TASK OBJECTIVE: Scan the records for "مجلس". Report each line that includes it.

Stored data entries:
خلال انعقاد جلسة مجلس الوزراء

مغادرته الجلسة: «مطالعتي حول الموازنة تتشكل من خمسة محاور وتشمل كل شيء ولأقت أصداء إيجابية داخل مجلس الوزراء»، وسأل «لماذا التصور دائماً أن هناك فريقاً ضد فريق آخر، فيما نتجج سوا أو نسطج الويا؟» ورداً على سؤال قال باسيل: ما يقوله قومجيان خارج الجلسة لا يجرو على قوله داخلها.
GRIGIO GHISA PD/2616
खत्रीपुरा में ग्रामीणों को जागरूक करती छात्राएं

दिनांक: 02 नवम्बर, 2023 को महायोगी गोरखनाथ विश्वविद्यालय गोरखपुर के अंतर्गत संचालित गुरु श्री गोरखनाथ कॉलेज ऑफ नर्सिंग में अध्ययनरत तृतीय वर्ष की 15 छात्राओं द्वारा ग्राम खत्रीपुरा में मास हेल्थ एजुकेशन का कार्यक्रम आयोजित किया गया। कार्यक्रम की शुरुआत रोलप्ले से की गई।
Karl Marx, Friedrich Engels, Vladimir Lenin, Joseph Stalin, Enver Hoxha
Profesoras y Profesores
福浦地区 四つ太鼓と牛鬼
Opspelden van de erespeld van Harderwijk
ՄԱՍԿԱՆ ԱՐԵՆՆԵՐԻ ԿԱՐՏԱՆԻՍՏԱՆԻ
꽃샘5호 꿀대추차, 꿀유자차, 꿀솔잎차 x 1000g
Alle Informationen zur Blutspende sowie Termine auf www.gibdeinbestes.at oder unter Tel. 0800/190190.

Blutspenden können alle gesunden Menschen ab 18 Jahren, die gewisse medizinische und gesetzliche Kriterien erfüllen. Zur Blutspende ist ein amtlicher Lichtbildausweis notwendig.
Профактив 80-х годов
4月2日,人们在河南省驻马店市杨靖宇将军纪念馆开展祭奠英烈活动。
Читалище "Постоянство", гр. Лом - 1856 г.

SOLUTION TO THIS EXERCISE:
خلال انعقاد جلسة مجلس الوزراء
مغادرته الجلسة: «مطالعتي حول الموازنة تتشكل من خمسة محاور وتشمل كل شيء ولأقت أصداء إيجابية داخل مجلس الوزراء»، وسأل «لماذا التصور دائماً أن هناك فريقاً ضد فريق آخر، فيما نتجج سوا أو نسطج الويا؟» ورداً على سؤال قال باسيل: ما يقوله قومجيان خارج الجلسة لا يجرو على قوله داخلها.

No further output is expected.